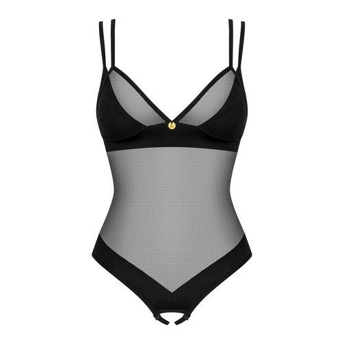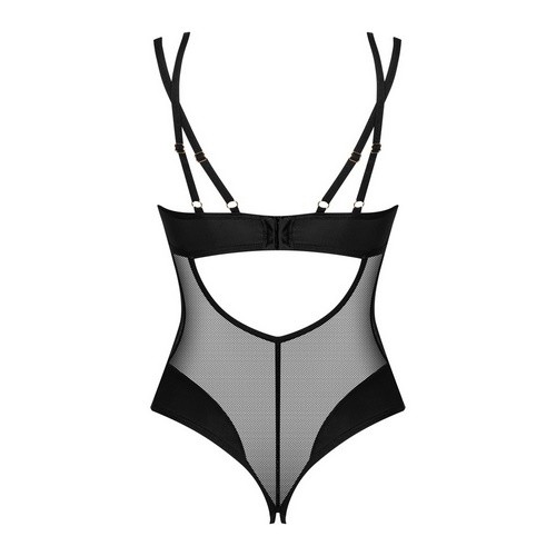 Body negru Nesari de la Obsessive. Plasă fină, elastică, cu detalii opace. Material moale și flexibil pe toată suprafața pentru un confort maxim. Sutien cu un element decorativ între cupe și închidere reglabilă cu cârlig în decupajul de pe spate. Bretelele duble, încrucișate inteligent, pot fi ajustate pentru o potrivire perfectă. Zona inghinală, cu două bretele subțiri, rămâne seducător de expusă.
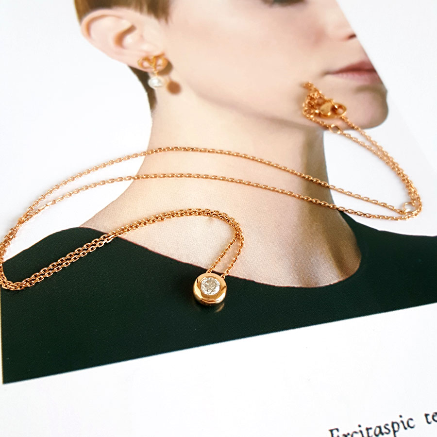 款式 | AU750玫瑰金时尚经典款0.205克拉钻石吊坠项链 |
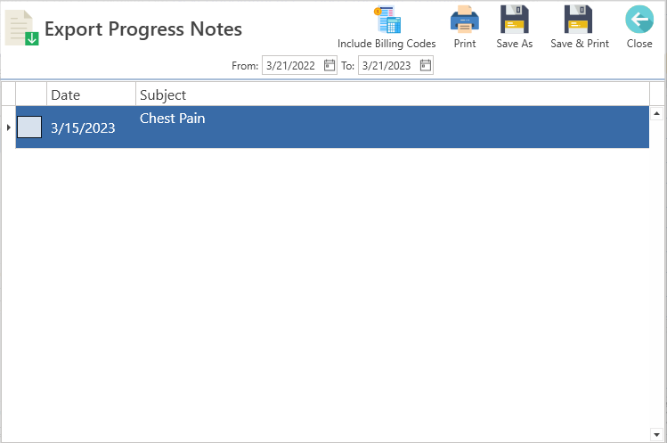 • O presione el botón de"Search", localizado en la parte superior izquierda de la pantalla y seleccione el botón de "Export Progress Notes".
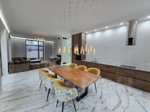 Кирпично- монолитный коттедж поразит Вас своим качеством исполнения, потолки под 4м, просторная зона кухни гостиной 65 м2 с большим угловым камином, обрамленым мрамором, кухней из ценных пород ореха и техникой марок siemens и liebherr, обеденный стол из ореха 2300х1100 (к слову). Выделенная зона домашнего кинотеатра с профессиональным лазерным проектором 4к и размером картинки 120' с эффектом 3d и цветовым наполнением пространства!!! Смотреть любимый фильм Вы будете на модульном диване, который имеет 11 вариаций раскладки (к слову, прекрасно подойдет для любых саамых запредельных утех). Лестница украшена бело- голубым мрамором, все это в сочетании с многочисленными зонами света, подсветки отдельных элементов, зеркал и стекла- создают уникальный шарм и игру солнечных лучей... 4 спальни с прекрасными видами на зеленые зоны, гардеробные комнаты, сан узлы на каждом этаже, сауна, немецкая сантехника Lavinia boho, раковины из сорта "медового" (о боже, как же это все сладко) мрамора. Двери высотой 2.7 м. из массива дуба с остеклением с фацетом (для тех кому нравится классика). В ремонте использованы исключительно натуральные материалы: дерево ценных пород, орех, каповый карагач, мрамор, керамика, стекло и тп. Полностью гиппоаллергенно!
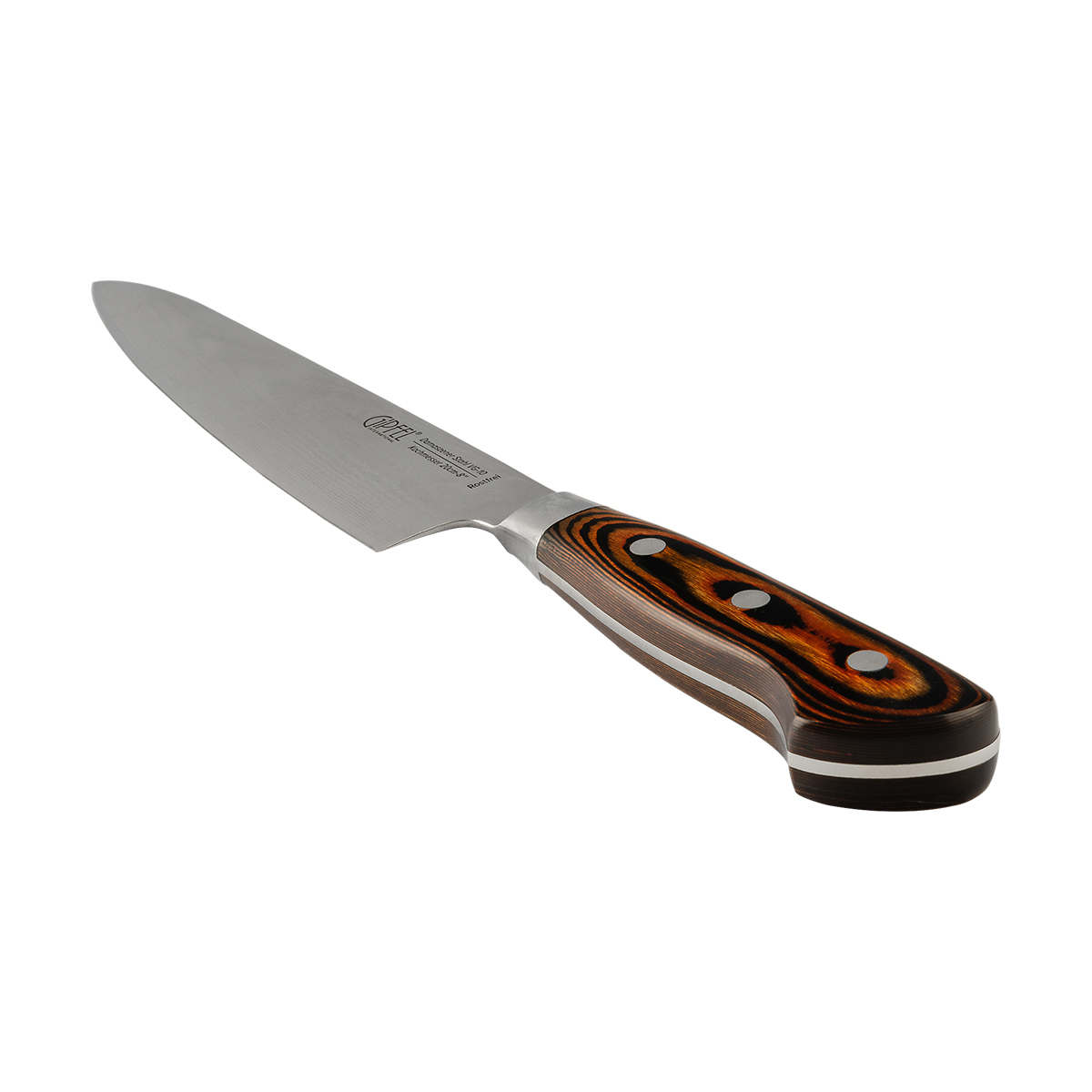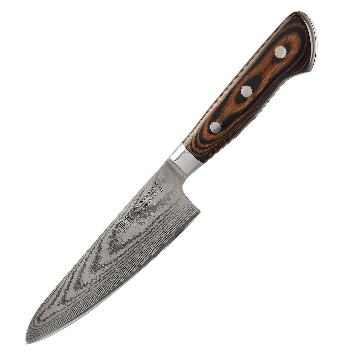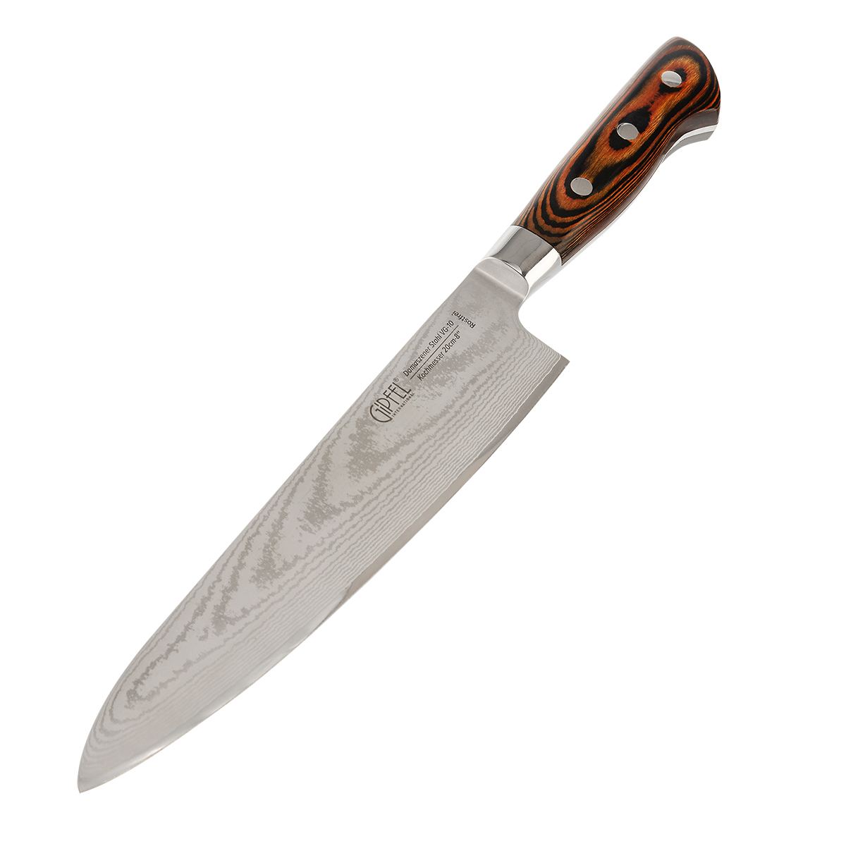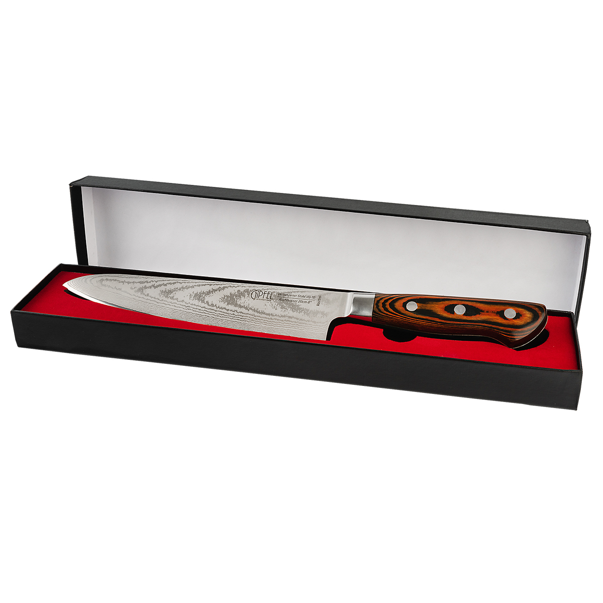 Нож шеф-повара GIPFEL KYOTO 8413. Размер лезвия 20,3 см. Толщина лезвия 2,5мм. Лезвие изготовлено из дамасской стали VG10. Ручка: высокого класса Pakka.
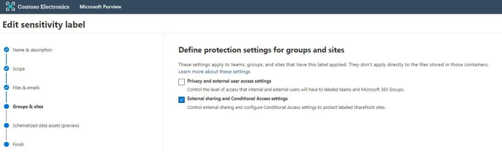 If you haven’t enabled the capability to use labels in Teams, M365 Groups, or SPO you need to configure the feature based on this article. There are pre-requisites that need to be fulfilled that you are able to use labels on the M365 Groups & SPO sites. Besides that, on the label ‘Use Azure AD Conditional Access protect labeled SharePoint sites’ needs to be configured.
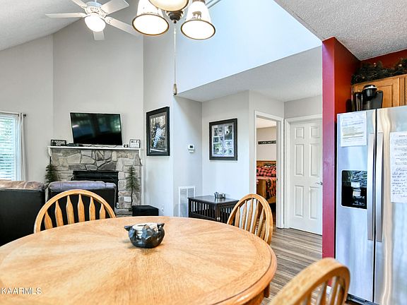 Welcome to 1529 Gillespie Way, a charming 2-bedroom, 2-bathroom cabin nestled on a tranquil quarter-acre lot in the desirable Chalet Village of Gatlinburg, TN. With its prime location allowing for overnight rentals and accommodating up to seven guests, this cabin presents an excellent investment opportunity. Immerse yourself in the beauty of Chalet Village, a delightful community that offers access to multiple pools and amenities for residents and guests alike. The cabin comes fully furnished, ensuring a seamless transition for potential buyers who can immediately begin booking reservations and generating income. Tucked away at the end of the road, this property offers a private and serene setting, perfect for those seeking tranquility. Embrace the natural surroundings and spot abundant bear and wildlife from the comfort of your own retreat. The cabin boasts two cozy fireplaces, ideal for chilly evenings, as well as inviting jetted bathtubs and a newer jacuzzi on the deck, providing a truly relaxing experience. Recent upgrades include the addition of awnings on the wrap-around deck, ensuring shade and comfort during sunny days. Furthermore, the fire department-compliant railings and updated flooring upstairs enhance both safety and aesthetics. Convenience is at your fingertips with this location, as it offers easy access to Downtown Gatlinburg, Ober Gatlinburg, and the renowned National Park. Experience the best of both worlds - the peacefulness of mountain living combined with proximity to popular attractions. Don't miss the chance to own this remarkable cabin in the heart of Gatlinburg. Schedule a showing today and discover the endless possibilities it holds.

+ + + + +

* _Problem to work on_: From the listing above, print every entry precisely and drop the pictures.

* _Output below_:
 Body negru Nesari de la Obsessive. Plasă fină, elastică, cu detalii opace. Material moale și flexibil pe toată suprafața pentru un confort maxim. Sutien cu un element decorativ între cupe și închidere reglabilă cu cârlig în decupajul de pe spate. Bretelele duble, încrucișate inteligent, pot fi ajustate pentru o potrivire perfectă. Zona inghinală, cu două bretele subțiri, rămâne seducător de expusă.
 款式 | AU750玫瑰金时尚经典款0.205克拉钻石吊坠项链 |
 • O presione el botón de"Search", localizado en la parte superior izquierda de la pantalla y seleccione el botón de "Export Progress Notes".
 Кирпично- монолитный коттедж поразит Вас своим качеством исполнения, потолки под 4м, просторная зона кухни гостиной 65 м2 с большим угловым камином, обрамленым мрамором, кухней из ценных пород ореха и техникой марок siemens и liebherr, обеденный стол из ореха 2300х1100 (к слову). Выделенная зона домашнего кинотеатра с профессиональным лазерным проектором 4к и размером картинки 120' с эффектом 3d и цветовым наполнением пространства!!! Смотреть любимый фильм Вы будете на модульном диване, который имеет 11 вариаций раскладки (к слову, прекрасно подойдет для любых саамых запредельных утех). Лестница украшена бело- голубым мрамором, все это в сочетании с многочисленными зонами света, подсветки отдельных элементов, зеркал и стекла- создают уникальный шарм и игру солнечных лучей... 4 спальни с прекрасными видами на зеленые зоны, гардеробные комнаты, сан узлы на каждом этаже, сауна, немецкая сантехника Lavinia boho, раковины из сорта "медового" (о боже, как же это все сладко) мрамора. Двери высотой 2.7 м. из массива дуба с остеклением с фацетом (для тех кому нравится классика). В ремонте использованы исключительно натуральные материалы: дерево ценных пород, орех, каповый карагач, мрамор, керамика, стекло и тп. Полностью гиппоаллергенно!
 Нож шеф-повара GIPFEL KYOTO 8413. Размер лезвия 20,3 см. Толщина лезвия 2,5мм. Лезвие изготовлено из дамасской стали VG10. Ручка: высокого класса Pakka.
 If you haven’t enabled the capability to use labels in Teams, M365 Groups, or SPO you need to configure the feature based on this article. There are pre-requisites that need to be fulfilled that you are able to use labels on the M365 Groups & SPO sites. Besides that, on the label ‘Use Azure AD Conditional Access protect labeled SharePoint sites’ needs to be configured.
 Welcome to 1529 Gillespie Way, a charming 2-bedroom, 2-bathroom cabin nestled on a tranquil quarter-acre lot in the desirable Chalet Village of Gatlinburg, TN. With its prime location allowing for overnight rentals and accommodating up to seven guests, this cabin presents an excellent investment opportunity. Immerse yourself in the beauty of Chalet Village, a delightful community that offers access to multiple pools and amenities for residents and guests alike. The cabin comes fully furnished, ensuring a seamless transition for potential buyers who can immediately begin booking reservations and generating income. Tucked away at the end of the road, this property offers a private and serene setting, perfect for those seeking tranquility. Embrace the natural surroundings and spot abundant bear and wildlife from the comfort of your own retreat. The cabin boasts two cozy fireplaces, ideal for chilly evenings, as well as inviting jetted bathtubs and a newer jacuzzi on the deck, providing a truly relaxing experience. Recent upgrades include the addition of awnings on the wrap-around deck, ensuring shade and comfort during sunny days. Furthermore, the fire department-compliant railings and updated flooring upstairs enhance both safety and aesthetics. Convenience is at your fingertips with this location, as it offers easy access to Downtown Gatlinburg, Ober Gatlinburg, and the renowned National Park. Experience the best of both worlds - the peacefulness of mountain living combined with proximity to popular attractions. Don't miss the chance to own this remarkable cabin in the heart of Gatlinburg. Schedule a showing today and discover the endless possibilities it holds.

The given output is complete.